--- ASSIGNMENT ---
Reproduce the listing below from the line with "Uilz Exquisite Leaf" to the line with "tfactl diagcollect -srdc", both lines included, character for character, minus any pictures.

--- INPUT FOR THIS TASK ---
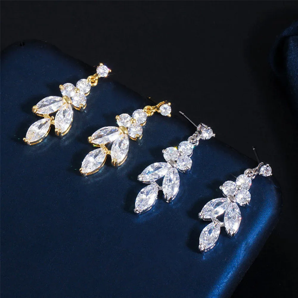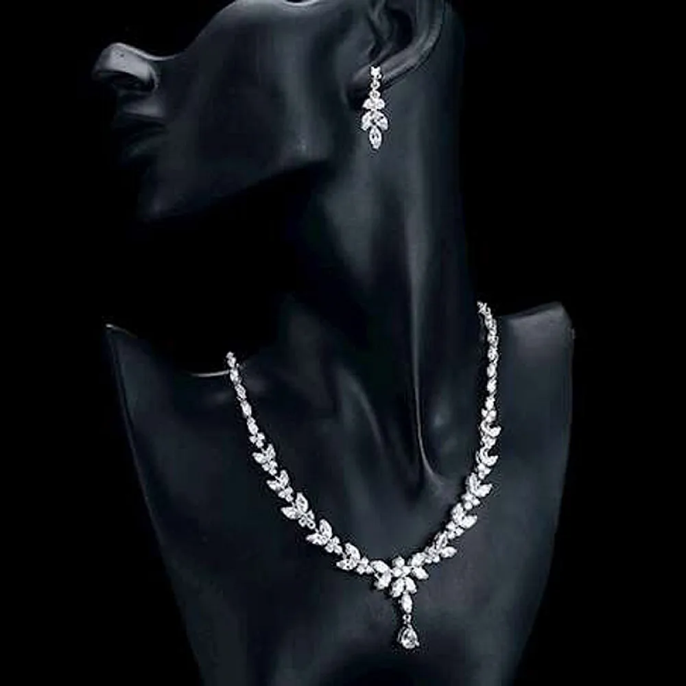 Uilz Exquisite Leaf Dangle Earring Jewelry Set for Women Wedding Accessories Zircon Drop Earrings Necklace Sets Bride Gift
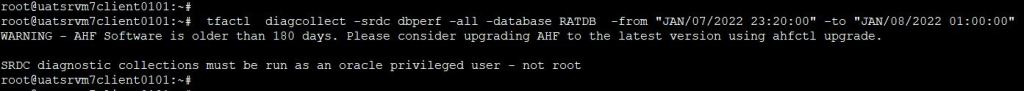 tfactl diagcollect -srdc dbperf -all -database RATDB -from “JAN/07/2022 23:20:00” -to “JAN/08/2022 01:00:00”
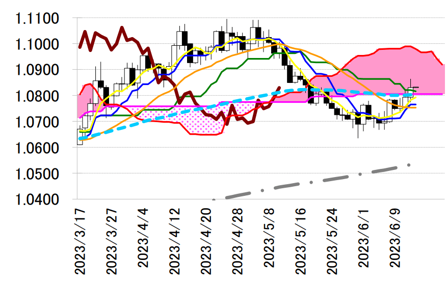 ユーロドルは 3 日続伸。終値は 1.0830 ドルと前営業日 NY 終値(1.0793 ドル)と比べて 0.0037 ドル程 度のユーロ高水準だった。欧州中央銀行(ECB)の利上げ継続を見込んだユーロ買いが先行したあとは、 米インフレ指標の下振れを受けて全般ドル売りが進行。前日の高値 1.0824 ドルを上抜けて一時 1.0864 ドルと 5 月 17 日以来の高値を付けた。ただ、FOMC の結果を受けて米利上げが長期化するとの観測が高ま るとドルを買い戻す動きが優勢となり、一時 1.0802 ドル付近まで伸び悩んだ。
==
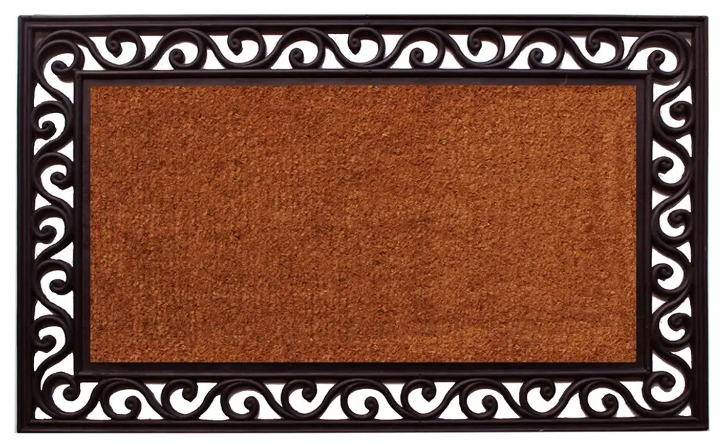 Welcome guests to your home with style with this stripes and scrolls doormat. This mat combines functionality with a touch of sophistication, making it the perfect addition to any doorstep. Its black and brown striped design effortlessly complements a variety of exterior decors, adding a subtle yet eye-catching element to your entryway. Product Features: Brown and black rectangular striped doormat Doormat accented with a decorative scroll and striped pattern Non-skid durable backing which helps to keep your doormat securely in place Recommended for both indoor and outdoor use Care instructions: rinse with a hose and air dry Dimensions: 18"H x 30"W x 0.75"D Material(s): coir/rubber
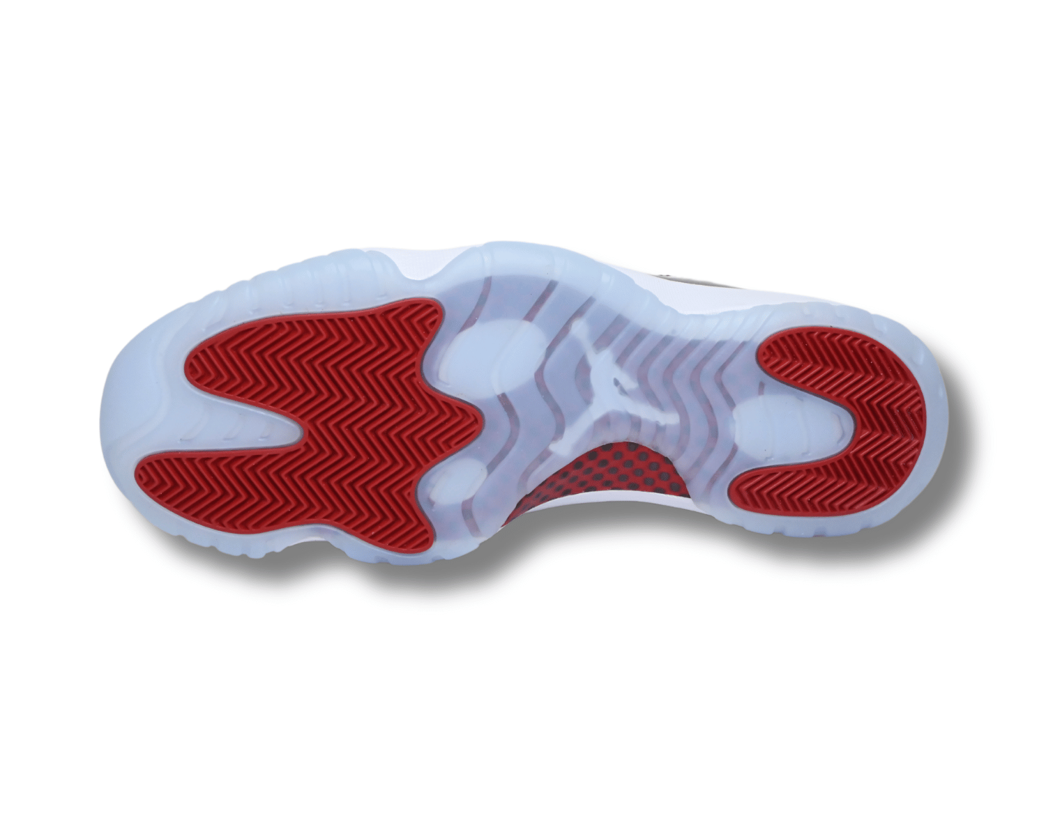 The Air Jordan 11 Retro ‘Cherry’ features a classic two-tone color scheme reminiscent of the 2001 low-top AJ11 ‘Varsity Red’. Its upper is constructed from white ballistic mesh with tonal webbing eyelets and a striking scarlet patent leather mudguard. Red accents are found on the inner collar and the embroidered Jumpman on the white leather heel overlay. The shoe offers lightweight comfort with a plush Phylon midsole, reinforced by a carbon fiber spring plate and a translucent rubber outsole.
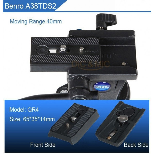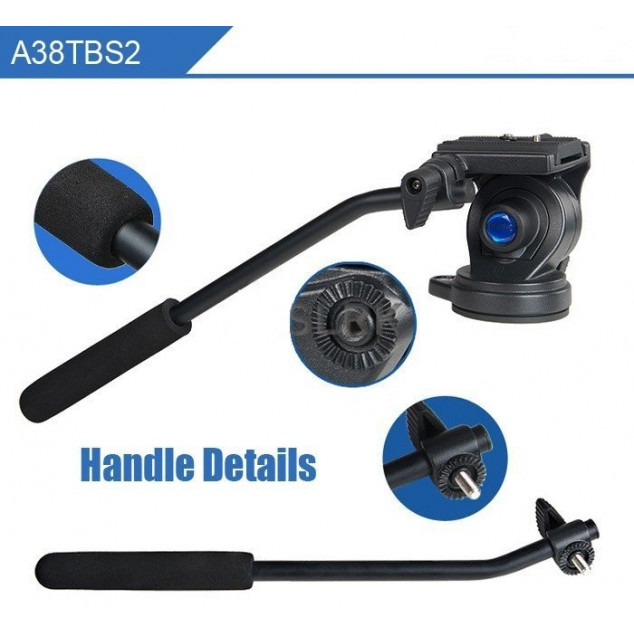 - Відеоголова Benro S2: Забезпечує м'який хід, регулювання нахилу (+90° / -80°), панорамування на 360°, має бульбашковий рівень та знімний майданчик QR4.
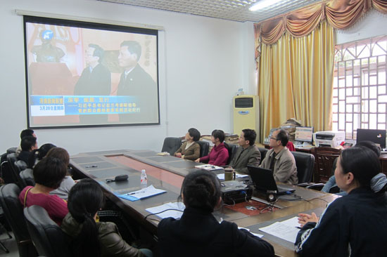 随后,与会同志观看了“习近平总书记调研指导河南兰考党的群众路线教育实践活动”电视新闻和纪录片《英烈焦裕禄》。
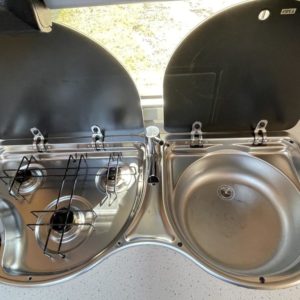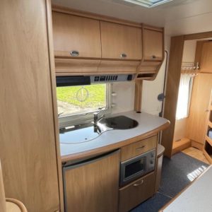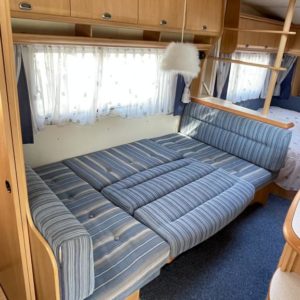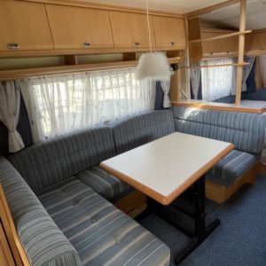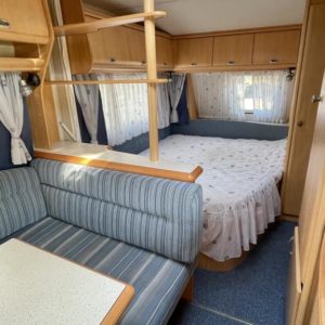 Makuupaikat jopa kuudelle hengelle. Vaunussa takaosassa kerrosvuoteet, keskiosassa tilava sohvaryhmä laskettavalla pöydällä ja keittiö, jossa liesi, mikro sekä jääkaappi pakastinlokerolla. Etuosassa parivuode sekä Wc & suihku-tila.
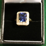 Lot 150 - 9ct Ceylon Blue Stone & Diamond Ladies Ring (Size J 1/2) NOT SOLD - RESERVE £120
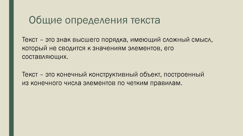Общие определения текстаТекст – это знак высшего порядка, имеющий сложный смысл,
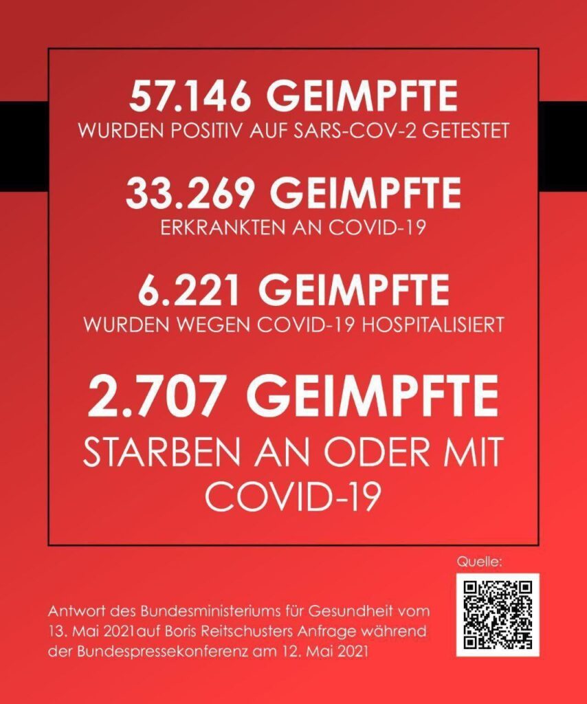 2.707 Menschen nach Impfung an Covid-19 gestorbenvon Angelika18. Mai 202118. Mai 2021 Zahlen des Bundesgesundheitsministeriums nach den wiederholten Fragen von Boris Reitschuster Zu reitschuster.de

--- RESULT FOR THIS EXERCISE ---
 Uilz Exquisite Leaf Dangle Earring Jewelry Set for Women Wedding Accessories Zircon Drop Earrings Necklace Sets Bride Gift
 tfactl diagcollect -srdc dbperf -all -database RATDB -from “JAN/07/2022 23:20:00” -to “JAN/08/2022 01:00:00”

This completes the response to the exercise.